Tyler Boyd-Meredith J, Piet Alex T, Kopec Chuck D, Brody Carlos D
Princeton Neuroscience Institute, Princeton University, Princeton, United States.
Sainsbury Wellcome Centre, University College London, London, UK.
bioRxiv. 2024 Jun 20:2024.06.07.597954. doi: 10.1101/2024.06.07.597954.
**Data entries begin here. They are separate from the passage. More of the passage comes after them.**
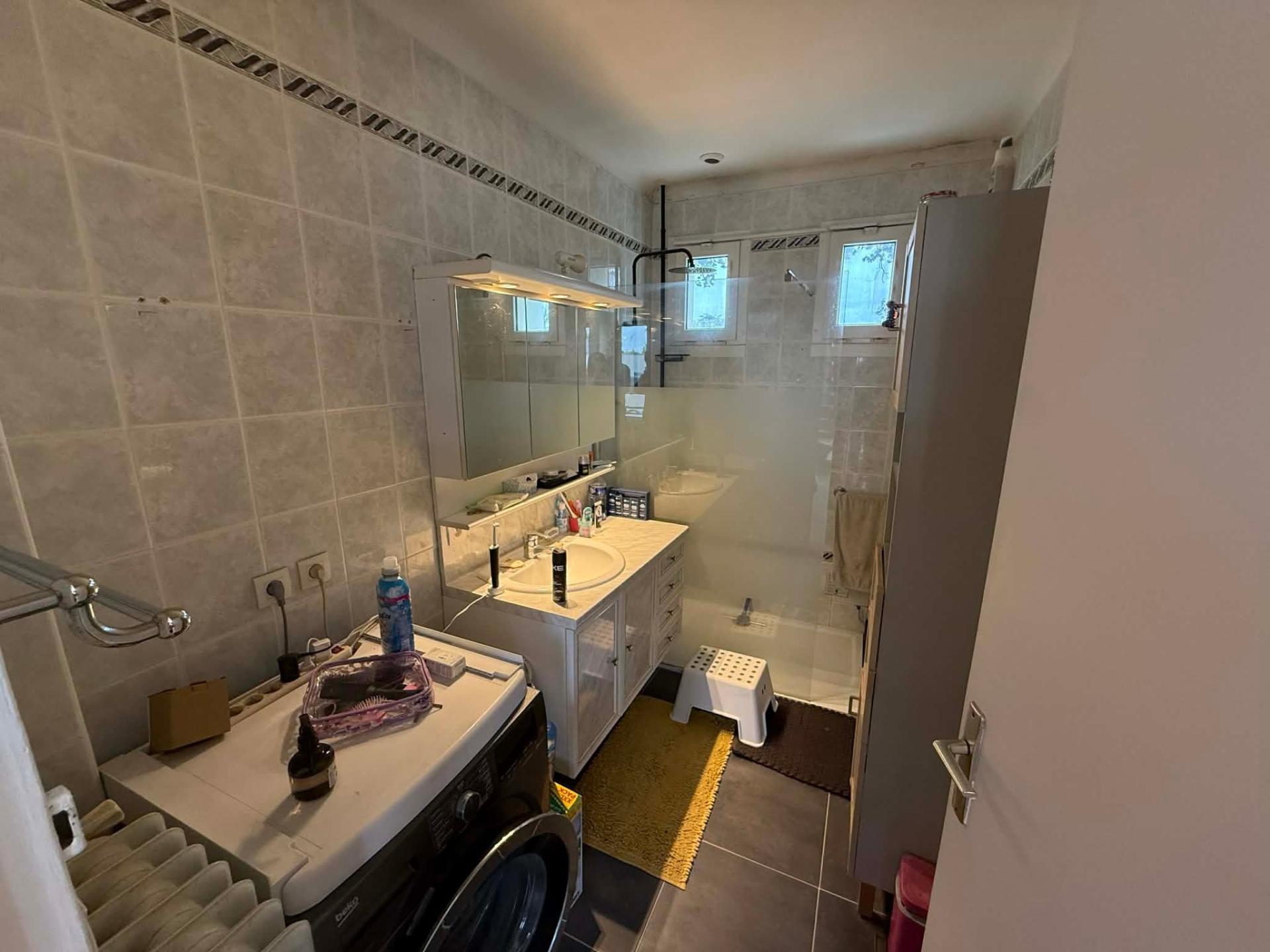 À l’étage, des travaux sont à prévoir pour finaliser l’aménagement. Le potentiel est intéressant avec la possibilité de créer deux chambres supplémentaires. Une salle de bain y est déjà fonctionnelle, permettant d’envisager facilement un espace nuit complet.
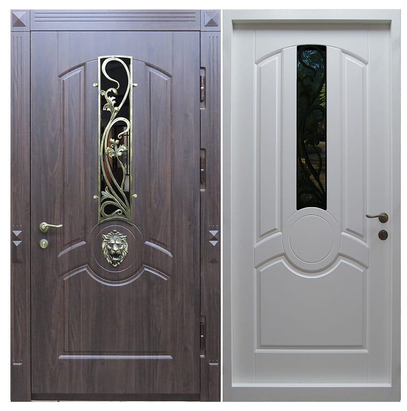 Железные двери МДФ с ковкой/стеклом по внешней отделке
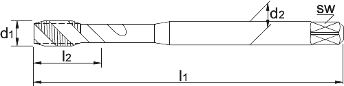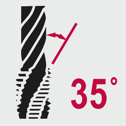 DIN 371, 60°, verdikte schacht, spiraalhoek 35°, voor blinde gaten, aansnijding 2-3 gangen
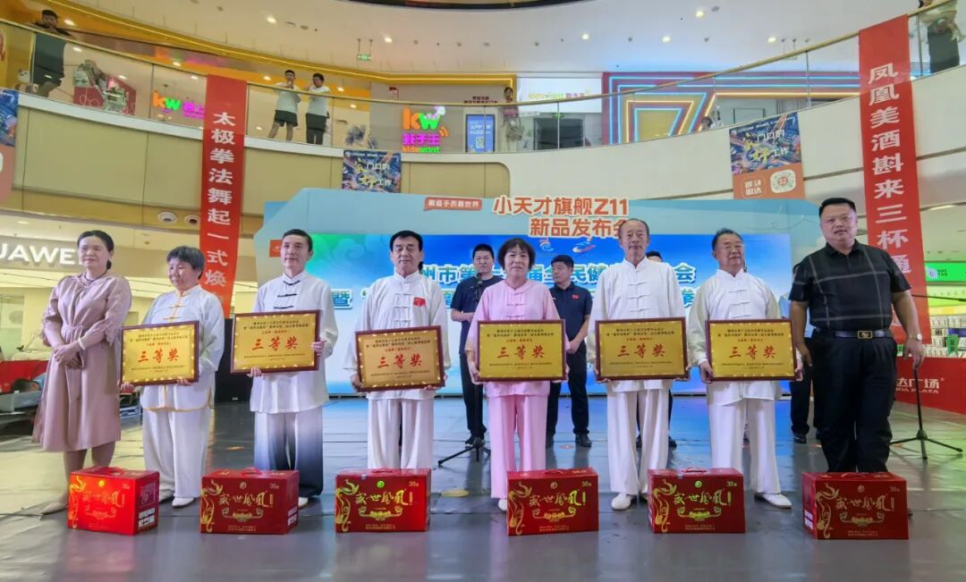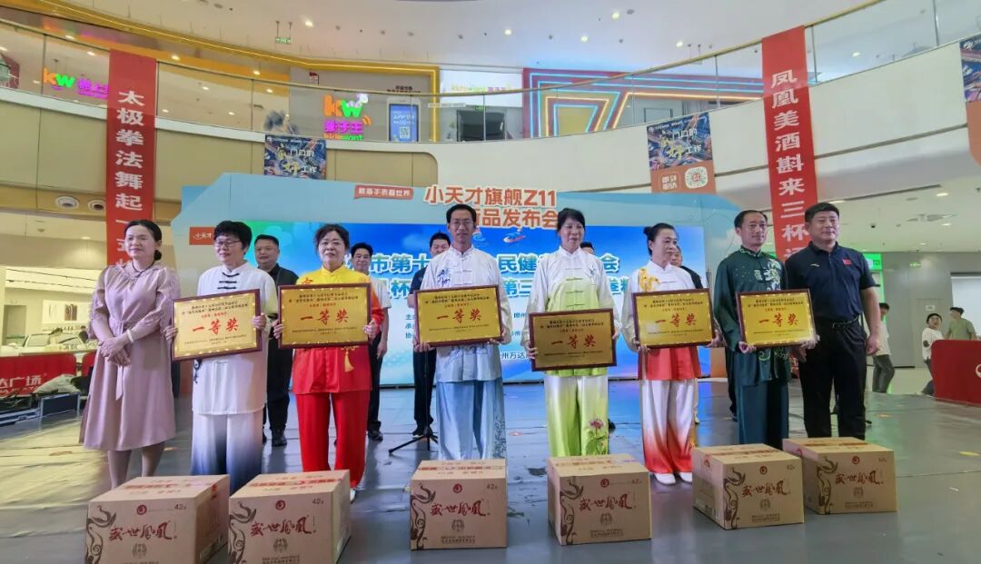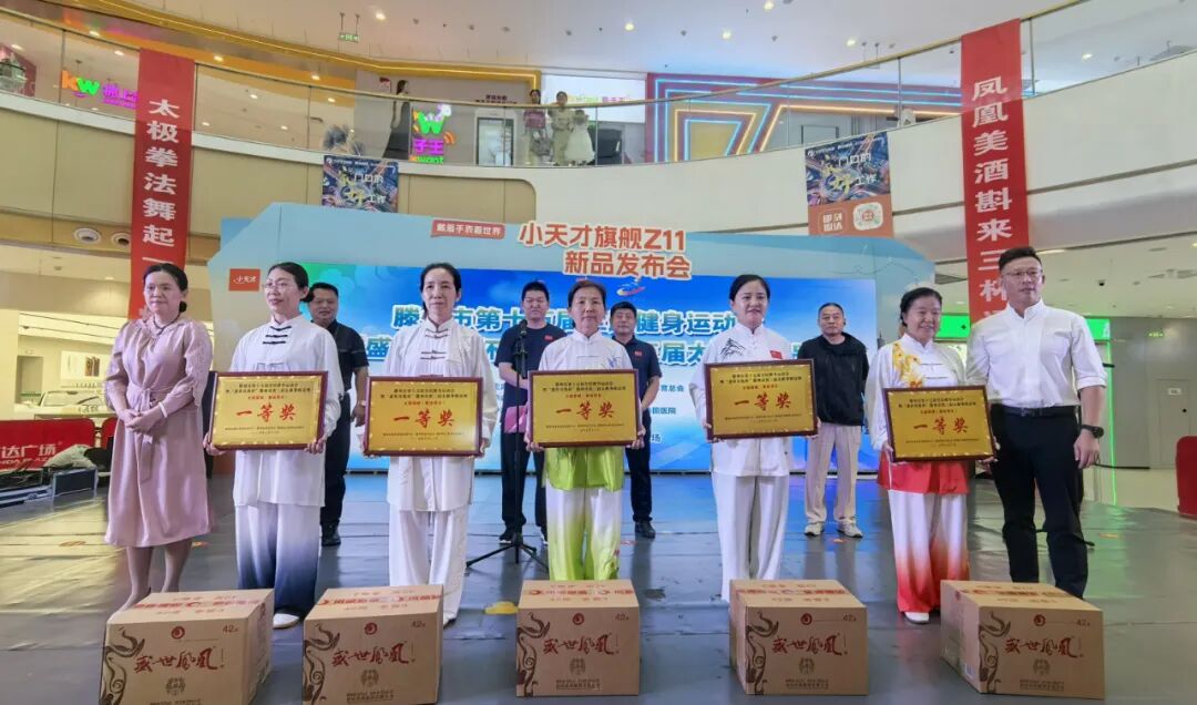 7月13日上午,滕州市第十五届全民健身运动会暨“盛世凤凰杯”第三届太极拳精品赛在万达广场举行。市体育事业发展中心党组书记、主任丁涛,市体育事业发展中心党组成员、副主任、市体育总会秘书处秘书长杨水山,市体育总会秘书处办公室主任冯恩源,枣庄市老年体协副秘书长、太极拳专委会主任、滕州市太极拳运动协会执行主席张宗军,滕州市太极拳运动协会主席吕显德,滕州万达广场总经理徐翠云,滕州市善国医院院长张雷,盛世凤凰酒业滕州总经销经理闫敏等领导嘉宾出席活动,与现场数百名观众共同见证这场太极文化盛宴。
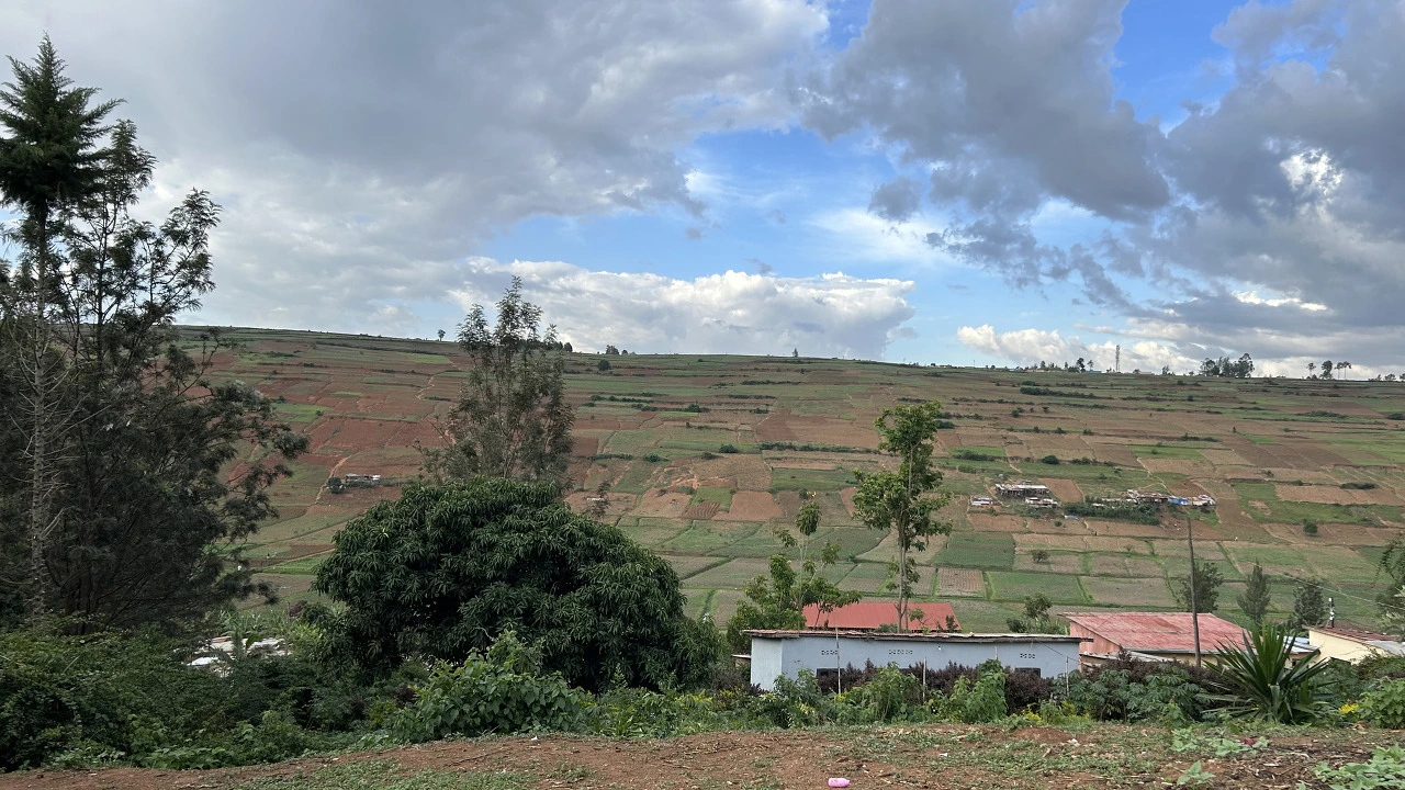 한참을 들어가니 아래로는 드 넓은 밭이 펼쳐졌고 그 위로는 언덕 같은 산이 자리하고 있다.

Rational decision-makers invest more time pursuing rewards they are more confident they will eventually receive. A series of studies have therefore used willingness to wait for delayed rewards as a proxy for decision confidence. However, interpretation of waiting behavior is limited because it is unclear how environmental statistics influence optimal waiting, and how sources of internal variability influence subjects' behavior. We trained rats to perform a confidence-guided waiting task, and derived expressions for optimal waiting that make relevant environmental statistics explicit, including travel time incurred traveling from one reward opportunity to another. We found that rats waited longer than fully optimal agents, but that their behavior was closely matched by optimal agents with travel times constrained to match their own. We developed a process model describing the decision to stop waiting as an accumulation to bound process, which allowed us to compare the effects of multiple sources of internal variability on waiting. Surprisingly, although mean wait times grew with confidence, variability did not, inconsistent with scalar invariant timing, and best explained by variability in the stopping bound. Our results describe a tractable process model that can capture the influence of environmental statistics and internal sources of variability on subjects' decision process during confidence-guided waiting.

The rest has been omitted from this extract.